Albanian gov’t working to legalize cultivation of medical cannabis

Tirana Times
By Tirana Times May 10, 2020 12:21

Albanian gov’t working to legalize cultivation of medical cannabis

TIRANA, May 9 - The Albanian government is close to concluding a draft law which allows for the cultivation of medical cannabis in the country. Prime Minister Edi Rama made the announcement during a live conference alongside EU Ambassador to Albania Luigi Soreca on the occasion of ‘Europe Day’ on Saturday. According to Rama, the government has been working on the draft law for a year now after continuous consultations with foreign experts.

“The draft will be available very soon for public discussion, just like the one on the fiscal amnesty, which is ready and is being discussed with several international institutions," Rama said, emphasizing the importance of these discussions.

EU delegation denies involvement

Following several media inquiries referring to Rama’s statement, the EU delegation to Albania stepped in to clarify that it had not been involved “in preparation, drafting or consultation of draft reports concerning plans for cultivation and legalization of cannabis for medical purposes in Albania.”

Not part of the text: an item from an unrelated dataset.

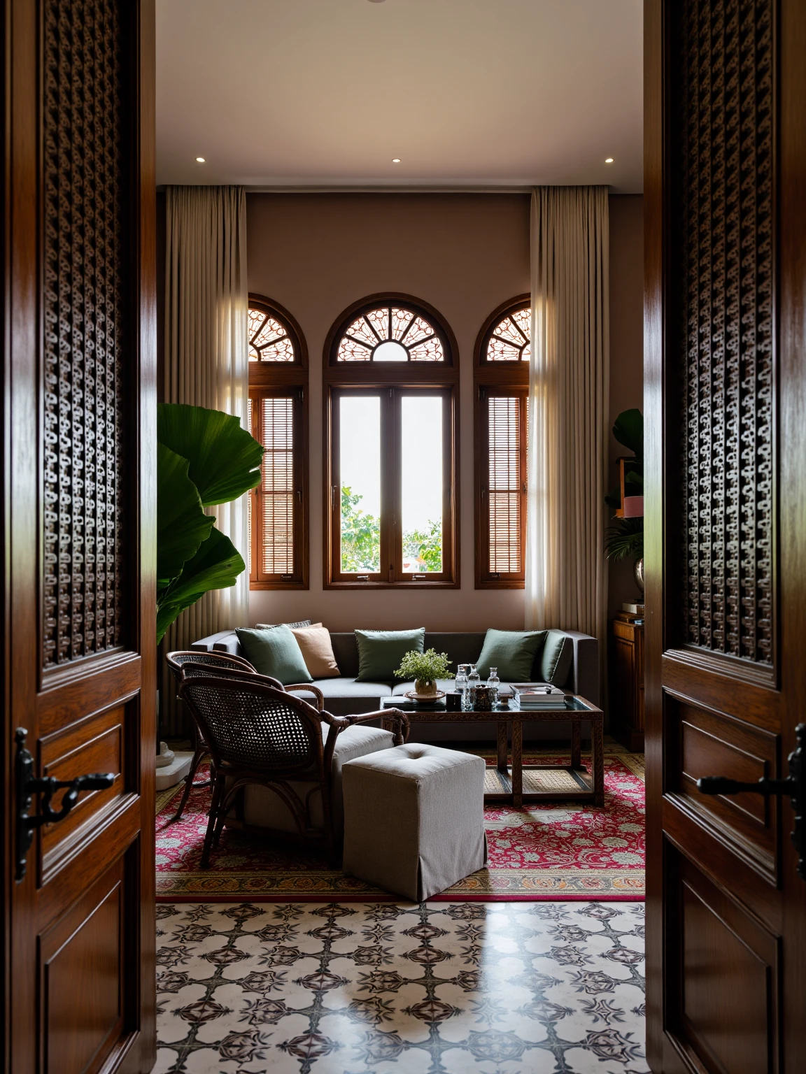 For example: Indochinese interior design, A luxurious Indochinese-style living room featuring dark wooden furniture with intricate carvings, rattan chairs, and patterned encaustic tile flooring. Large arched windows framed by elegant curtains let in warm golden light, creating a nostalgic yet sophisticated ambiance.

Furthermore, the Prime Minister ‘s announcement sparked reactions from the LSI party leader Monika Kryemadhi, who praised the EU Delegation for clarifying its disinvolvement in Rama’s “disinformation campaign” and misuse of the EU’s image for purposes related to the electoral process. 

Meanwhile, during the same day, this issue was also commented by the DP leader Lulzim Basha. "He demanded the legalization of cannabis and has started the cannabis process all over the country. The partners are very well informed," Basha wrote.

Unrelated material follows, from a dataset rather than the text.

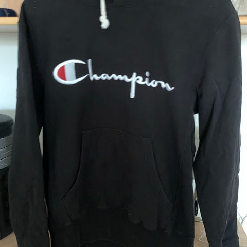 Sort Champion hættetrøje. Almindelig brugsspor uden huller. Str M, men er lille i størrelsen, så passer nærmere str S

Increase of cannabis cultivation

General Prosecutor Olsian Cela said that cannabis cultivation has increased mainly in four districts; Vlora, Kruja, Shkodra and Gjirokastra. He stressed that cooperation between police and the prosecution is flawed.

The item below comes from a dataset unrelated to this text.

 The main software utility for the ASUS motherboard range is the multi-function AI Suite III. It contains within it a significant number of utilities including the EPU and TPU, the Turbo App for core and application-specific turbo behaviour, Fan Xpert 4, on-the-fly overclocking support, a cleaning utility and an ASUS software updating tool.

According to his analysis and inquiries to the Prosecution, no documents explain the extent of this cooperation. “Today, there is no official document compiled by the State Police and the Prosecution to analyze the reasons why it happened," said Chief Prosecutor Çela.

In this line, several experts are hesitant towards the government’s proposal.

"I am afraid of a parallel criminal activity. In terms of security it does not add or subtract anything. It should be started slowly and well before a certain decision is made. "

Another economy expert warns that strict rules need to be applied in this kind of business, as in countries

"We have to be very careful and it has to be a state monopoly with very strict rules. In many countries, this business generates billions of dollars. "

Based on North Macedonia’s model, the law requires companies to have a bank guarantee of one million euros and at least 15 employees, which significantly increases costs. However, control mechanisms are still lacking, as various non-governmental organizations have also called on the authorities to follow global trends in marijuana legalization, it seems that this decision is still a long way off.

Currently, cannabis possession - excluding amounts for personal use-, cultivation and transport is illegal in Albania and there is no medical marijuana program. Nevertheless, the country has been a major transit point for drugs entering Europe from Asia and Latin America. In 2014, the police raided and destroyed major cannabis plantations in the southeastern city of Lazarat, once considered as the drug capital of Europe. According to government data, the raid destroyed 102 tons of marijuana and 530,000 marijuana plants with an estimated market value at the time of 6.4 billion euros — more than 60 percent of the GDP.

Although the crackdown destroyed a significant amount of plantations, cultivation spread elsewhere across the country and more police operations followed.

According to the 2016 EC Progress Report on Albania, the police conducted 240 operations against drug cultivation and trafficking in 2015, which resulted in the identification of 4 634 cultivated parcels, the arrest of 402 offenders and the destruction of 797 422 narcotic plants, 246 008 more than in 2014. Moreover, in 2016, the Albanian cannabis market was thought to be worth 3.5 billion euros, which was then equal to about half of the country’s GDP.

However, during the middle of February 2018, the Italian Guardia di Finanza presented a report for cannabis cultivation during 2018 which removed Albania from the cannabis cultivation map.

“Drop in plantations has been confirmed, only 27 out of 88 that existed in 2017 have been identified. There was also a significant drop in the amount of cannabis confiscated in Italy, with almost 81 percent within one year,” said Brigade General Giuseppe Arbore during the conference. 

Nevertheless, Albania continues to hold a bad reputation as Europe's cannabis hub; In the US Department of State 2019 International Narcotics Control Strategy Report, Albania was valued as being “both a source country of cannabis and, increasingly, a transit country for cocaine and heroin commanded largely by organized crime elements moving illicit drugs from source countries into European markets.”